═════ EXERCISE MATERIALS ═════

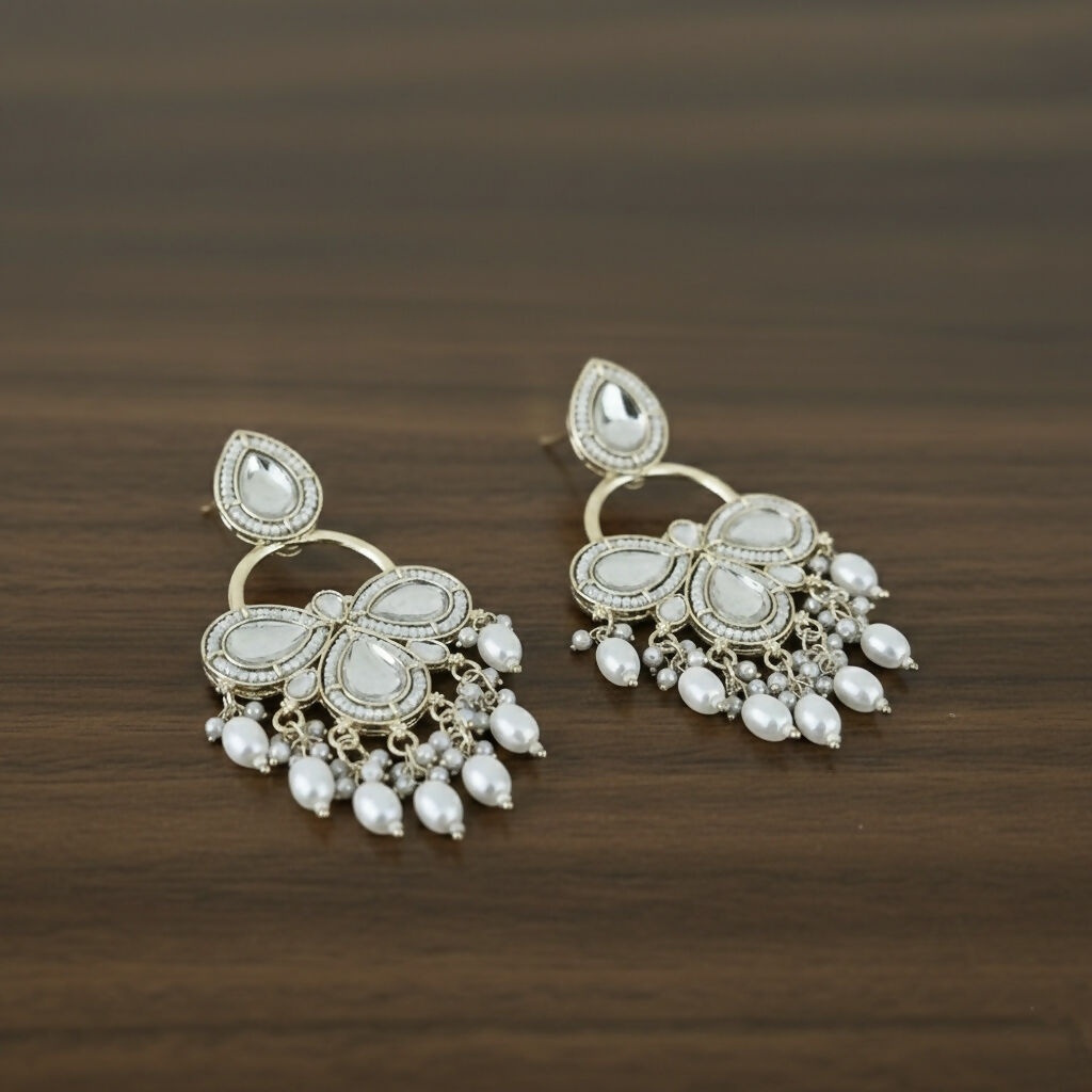 These earrings are an elegant example of Chandbali-inspired Kundan jewelry,The earrings feature high-quality clear glass stones (Kundan) set in a tiered arrangement. The top stud and the main body both showcase teardrop-cut stones for a cohesive look. These pair beautifully with pastel-colored Lehengas, white Chikankari suits, or even a dark velvet saree to provide a striking contrast.
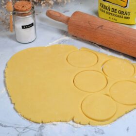 Decupăm biscuiții. Remodelăm aluatul rămas, îl întindem din nou, decupăm alți biscuiți.
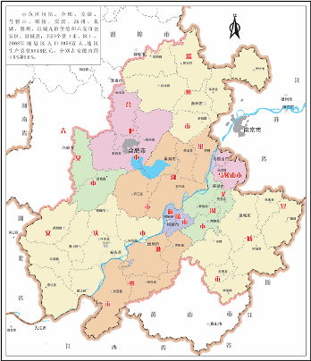 1、区域范围。皖江城市带依托长江这条黄金水道,包括合肥、芜湖、马鞍山、铜陵、安庆、池州、巢湖、滁州、宣城9市全境和六安市的舒城县、金安区共59个县(市、区)。土地面积7.6万平方公里,人口3058万人,2009年国内生产总值6600亿元,分别占全省的54%、45%和66%。
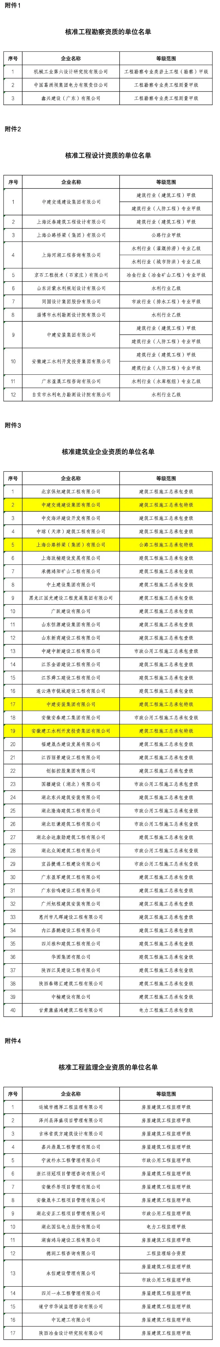 其中,中建交通建设集团有限公司、中建安装集团有限公司、安徽建工水利开发投资集团有限公司成功申请建筑工程施工总承包特级,上海公路桥梁(集团)有限公司成功申请公路工程施工总承包特级资质。
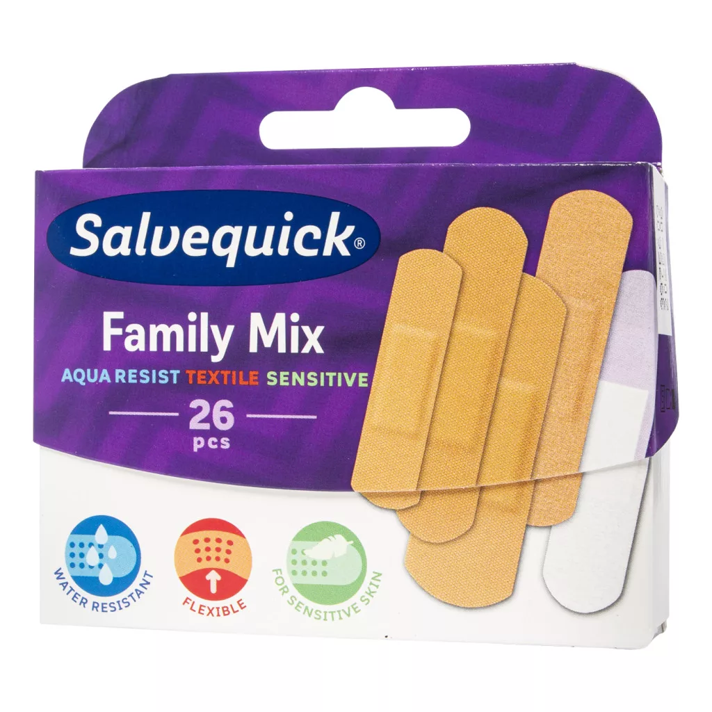 A Salvequick Med Family Mix sebtapaszcsomag 26 darab különböző típusú és méretű tapaszt tartalmaz, amelyek ideálisak kisebb sérülések, vágások és horzsolások ellátására. A csomagban vízálló, rugalmas textil és érzékeny bőrre tervezett tapaszok is megtalálhatók, így az egész család számára megfelelő választás.
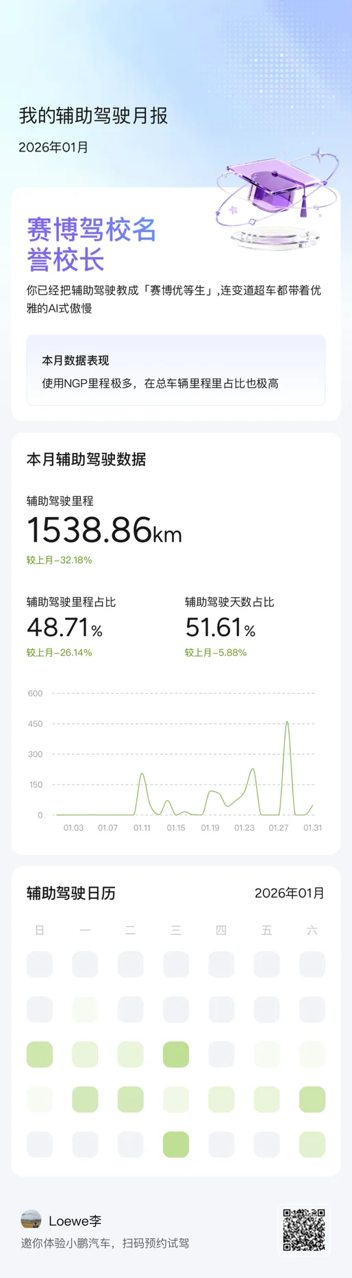 从城市快速路到高速主路,再到复杂的省道路段,能精准识别路况,自动跟车、变道、超车,高速施工避开雪糕筒也能从容应对。最让我印象深刻的是在一段大雾天气,NGP依然保持着稳定的车距和车速,让我在长途驾驶中多了一份安心。辅助驾驶里程1538.86km,占比48.71%,不仅是数据,更是科技带来的安全感和舒适感。有了它,回家的路不再漫长,而是变成了一段轻松的旅程。#开着小鹏回家过年 #我的辅助驾驶高光时刻

═════

■ WORK ITEM
Write out each entry exactly; any pictures stay out of the copy.

■ WORKED SOLUTION
 These earrings are an elegant example of Chandbali-inspired Kundan jewelry,The earrings feature high-quality clear glass stones (Kundan) set in a tiered arrangement. The top stud and the main body both showcase teardrop-cut stones for a cohesive look. These pair beautifully with pastel-colored Lehengas, white Chikankari suits, or even a dark velvet saree to provide a striking contrast.
 Decupăm biscuiții. Remodelăm aluatul rămas, îl întindem din nou, decupăm alți biscuiți.
 1、区域范围。皖江城市带依托长江这条黄金水道,包括合肥、芜湖、马鞍山、铜陵、安庆、池州、巢湖、滁州、宣城9市全境和六安市的舒城县、金安区共59个县(市、区)。土地面积7.6万平方公里,人口3058万人,2009年国内生产总值6600亿元,分别占全省的54%、45%和66%。
 其中,中建交通建设集团有限公司、中建安装集团有限公司、安徽建工水利开发投资集团有限公司成功申请建筑工程施工总承包特级,上海公路桥梁(集团)有限公司成功申请公路工程施工总承包特级资质。
 A Salvequick Med Family Mix sebtapaszcsomag 26 darab különböző típusú és méretű tapaszt tartalmaz, amelyek ideálisak kisebb sérülések, vágások és horzsolások ellátására. A csomagban vízálló, rugalmas textil és érzékeny bőrre tervezett tapaszok is megtalálhatók, így az egész család számára megfelelő választás.
 从城市快速路到高速主路,再到复杂的省道路段,能精准识别路况,自动跟车、变道、超车,高速施工避开雪糕筒也能从容应对。最让我印象深刻的是在一段大雾天气,NGP依然保持着稳定的车距和车速,让我在长途驾驶中多了一份安心。辅助驾驶里程1538.86km,占比48.71%,不仅是数据,更是科技带来的安全感和舒适感。有了它,回家的路不再漫长,而是变成了一段轻松的旅程。#开着小鹏回家过年 #我的辅助驾驶高光时刻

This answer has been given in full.